February 17, 2006
All Cheney, All The Time - But Why?
Often I ponder about what to write but this past week there
came a moment when there simply was no choice but to write
about the misadventures of our embattled Vice President, Mr.
Richard Cheney.
Over the last weekend, while the east was pummeled by snow
and cold, I, in a moment of unconscious competence, was lounging
by the pool of friends in Rancho Mirage. While we were prepping
for a Sunday poolside brunch someone came out to announce
that Mr. Cheney had shot someone.
Certainly it got our attention.
This hasn't happened since Aaron Burr shot
and killed Alexander Hamilton in a duel. Burr was Vice President
and the duel pretty much killed his career as well as Mr.
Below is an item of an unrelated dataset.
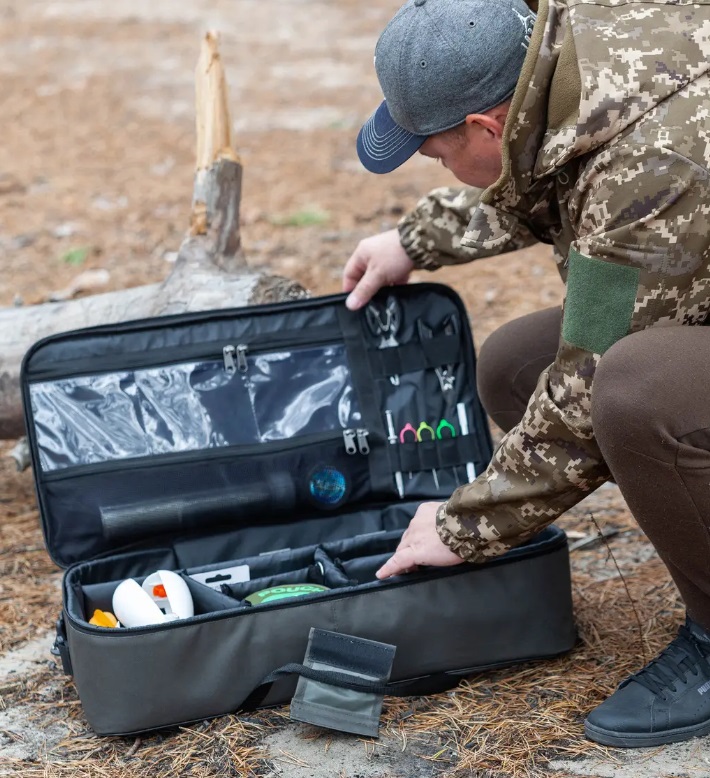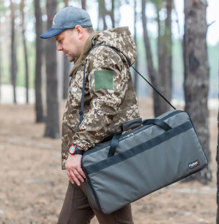 Сумка для риболовлі універсальна від компанії -Fisher, призначена для зберігання і транспортування спорядження для всіх видів риболовлі: фідер,карпфішенг, посинінг, поплавна ловля і т.д. Сумка достатньо цілісна і в той же час дуже компактна. Сумка зроблена у вигляді жорсткого кофра, у кришці і в дні сумки вставлений жорсткий ущільнювач який забезпечує додаткову гнучкість конструкції + щільний ущільнювач по колу, перегороди тверді Що не дозволить сумці переміщатися в різні сторони, пересадки можна пересувати на власний розсуд вони зйомні на липучках. На внутрішній стороні кришки розташовані прозорі кишені для мелочів і додаткові кріплення для рибальських інструментів У внутрішньому відділенні можна переставляти перегородки на свій власний розсуд, можна вкласти коробку,сигналізатори поклівки,рушу,ракети,спомби,держувач для фідера, і навіть котушки Сумка оснащена подвійною ручкою і плечовим ременем з прорізаною накладкою для комфортного транспортування двосторонній блиск Для матеріалу використовується рюкзачно - сумна тканина Оксфорд Д-600 з пвх покриттям.Дуже практична в зносі і не приготуючи в догляді тканину. Розмір:60 * 30 * 12 см

Hamilton [who's grave I frequently walk
by in lower Manhattan, occasionally tipping my hat to one
of the most brilliant men of that brilliant period].
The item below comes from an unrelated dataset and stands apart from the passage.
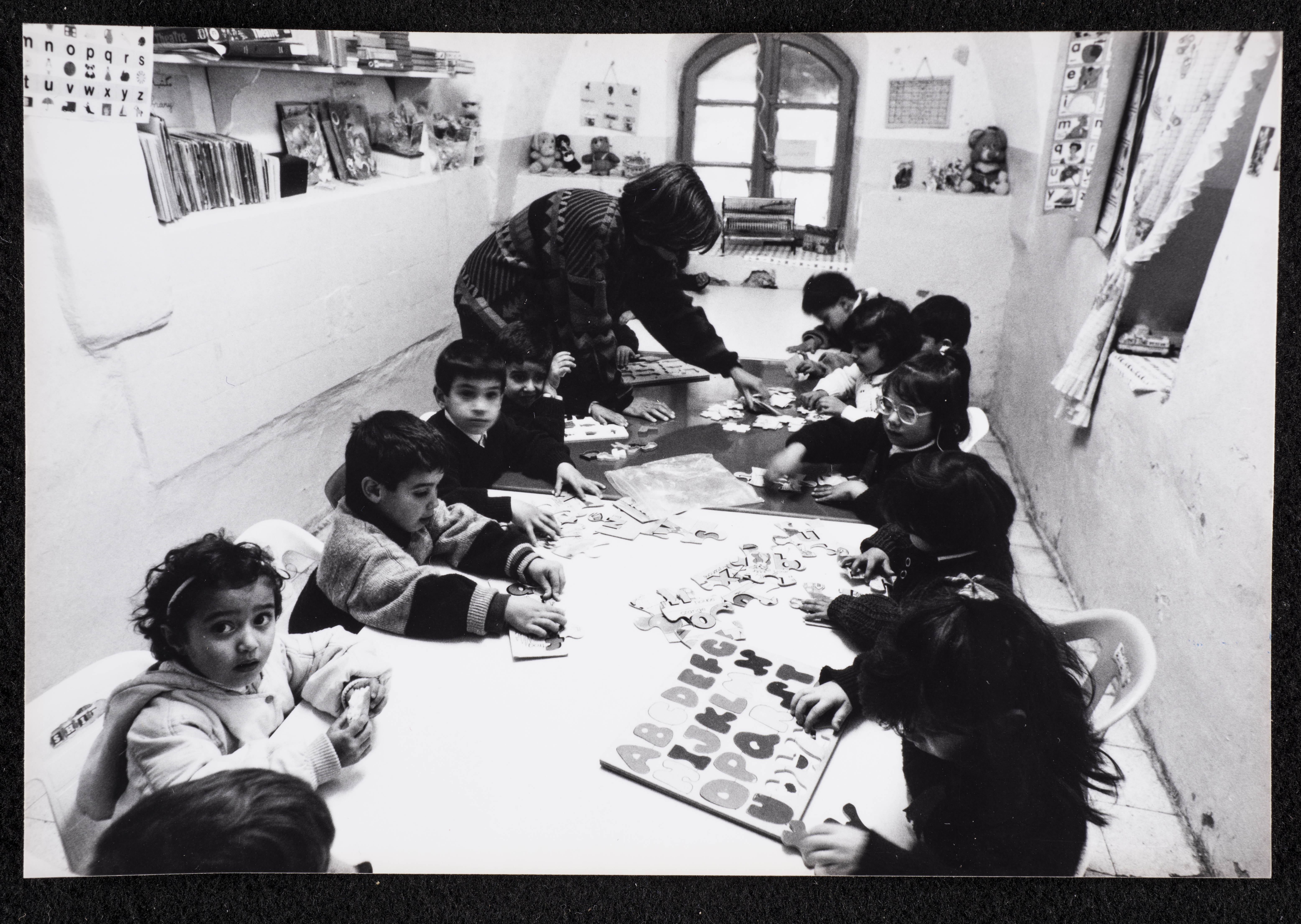 المعلمة هالة شبيطة مع طلابها في روضة الزهور

Mr. Cheney did not [unless we are not being told] challenge
Mr. Whittington to a duel. He simply fired at a quail at the
wrong moment and Mr. Whittington was in the wrong place at
the wrong time. Accidents such as this do happen. Growing
up in Minnesota, every hunting season was marked by unfortunate
accidents.
Given that, it didn't seem like much. I
was willing to let it go. I actually felt sorry for him this
round, suspecting that even the robot like Mr. Cheney must
feel regret at having peppered a friend and political supporter
with buckshot, the latter perhaps being more important than
the former.
It is, I think, a testament to the scrutiny that people have
wanted to give to Mr. Cheney that we now have the ALL CHENEY,
ALL THE TIME world. Unable to really pin the Veep down on
much of anything these past years, the man has provided the
world with a perfect opportunity to do nothing BUT focus on
him.
Years ago, Mr. Cheney was once asked why he kept such a low
profile and he replied: in this town [Washington] if you stick
your head up, you get it shot off.
Well, since shooting his hunting friend there hasn't
been a place for Dick to hide; his head went up and it's
getting shot at. I rather suspect the noise is more about
all the other questions Mr. Cheney's actions
have raised in the past than the questions raised by his flawed
actions since he unfortunately shot Whittington.
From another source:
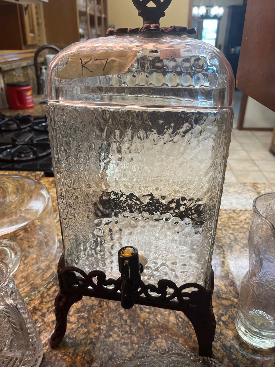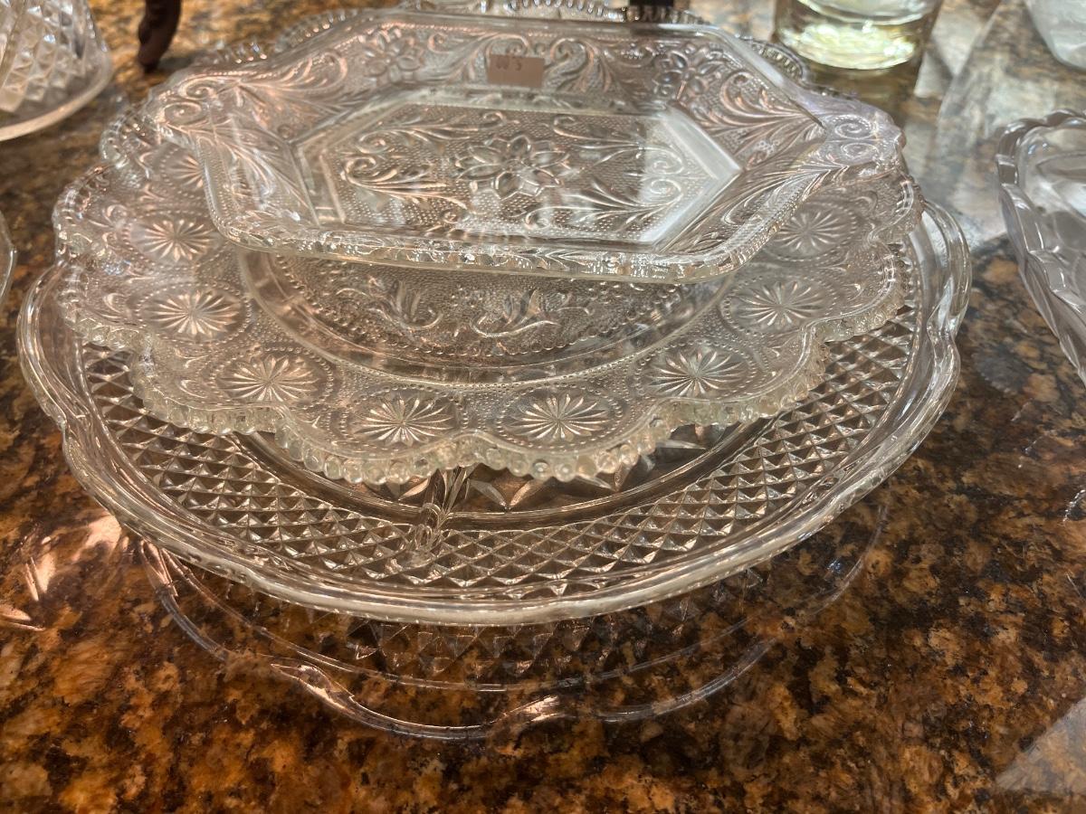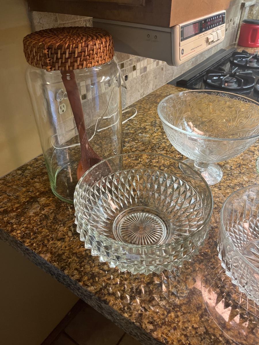 Glass cake pans, punch and hand eats bowls, glass liguid decanter, condiment plate, etc.

In the silence that followed the accident, it has given reporters
a prime opportunity to dissect the silence and secrecy that
seems to have surrounded many of the actions of both the Vice
President and the administration in which he serves. When
he finally spoke, it was only on the Bush friendly Fox Network
When six days later and the first words I heard after waking
were: 'Vice President Cheney' I knew the storm had become
a firestorm. There is a certain charm in knowing the President
is annoyed with Cheney - if only it had happened sooner.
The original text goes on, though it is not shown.